Saturday, 17 December 2011

Reasons Why Relationships Don't Last



The power of positive versus negative comments

People in failing relationships look for what is wrong with others (especially their mate) instead of what is right. During a conversation where the two people held opposing views, the ones who had a good relationship said something nice to the other one five times more than they said something critical. In relationships that don't last, the ratio of good comments versus bad ones to each other was one to one.


Unrealistic expectations
Before the relationship even begins, we’re surrounded by media that perpetuates the myth of two people meeting, falling in love and living happily ever after. This makes a great story line, but leaves out the part where relationships take work, time and effort to succeed.


Accepting responsibility to be in a committed relationship

When one or both people don't take responsibility for their commitment and allow themselves to be attracted to others, they are in trouble. Some people feel there is nothing wrong with a little "harmless" flirtation. On the contrary, research shows that in every close conversation, there is the possibility of secreting oxytocin (a hormonal chemical) that creates a bond. These interactions can make people feel like they are falling in love. But people can consciously choose not to cross a boundary when they feel even slightly attracted to someone else. They can change their focus. They do not have to be a victim of this attraction.




Forgiveness

There is no "perfect" relationship and even the best ones will have some ups and downs, but it is how couples ride those rough times that determines if the relationship succeeds. People who are good at relating will try to repair any damage that is done in their partnership. They will offer apologies and make gestures to right what has caused hurt.




Being defensive
This may be one of the hardest habits to break. None of us like being criticized. From the time we’re kids, our instinct is to come up with excuses or deny. In a mature and successful relationship, criticism should be constructive and should be listened to in the same manner.

Attitude

Understanding that you need to teach others how to treat you in order to get your needs met will move you from the victim column into the winning column. There are, however, some attitudes that indicate a relationship will break up. The kinds of behavior that will erode closeness are contempt, criticism, defensiveness, and stonewalling.


A failure to communicate
Any relationship whether it's romantic, platonic or work-based needs communication. If you don’t tell each other what’s going on, what you’re thinking, how you’re feeling or what you expect, the other person is inevitably going to disappoint you. Open communication, even if it’s sometimes unpleasant, ensures you both know what your partner wants and needs.


Lack of trust
Some argue this is the biggest issue. After 20 years of studying marriages, scientist John Gottman argues that when trust dies, relationships fail. In The Science of Trust, he argues that if negative events are not fully processed, we fill in the information gaps with our own ideas. If we don’t trust our partner, the motives and actions we attribute to them are coloured with a negativity that grows eroding trust further.
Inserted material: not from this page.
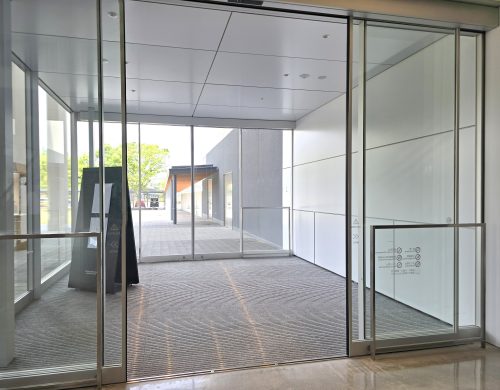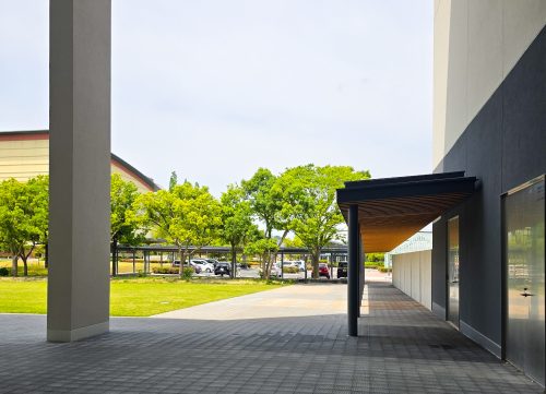 隣に立つ『鳥取県立美術館』の裏口から、「バルコス集いの森」まで、実は屋根付きの道で繋がっています。

Unwillingness to compromise
This can also be seen as the desire to always be right. In some people it comes out as always being certain that their opinion is right. However expressed, your partner’s not going to appreciate always doing things your way. For a relationship to succeed, you’ve got to have the ability to adapt to another point of view.

Selfishness
It takes two to tango, you can’t always lead, and yours aren’t the only needs to be met.



Not making time
Where you spend your time shows your priorities. If you’re always working late, your partner will get the message that work is more important. Make an effort for your partner and your relationship, or you may risk losing them. 


Why relationships don't last is profound but simple. You need two people who treat each other with love, affection, respect, and support, and have a commitment to each other. You deserve a love that lasts--so think about the above.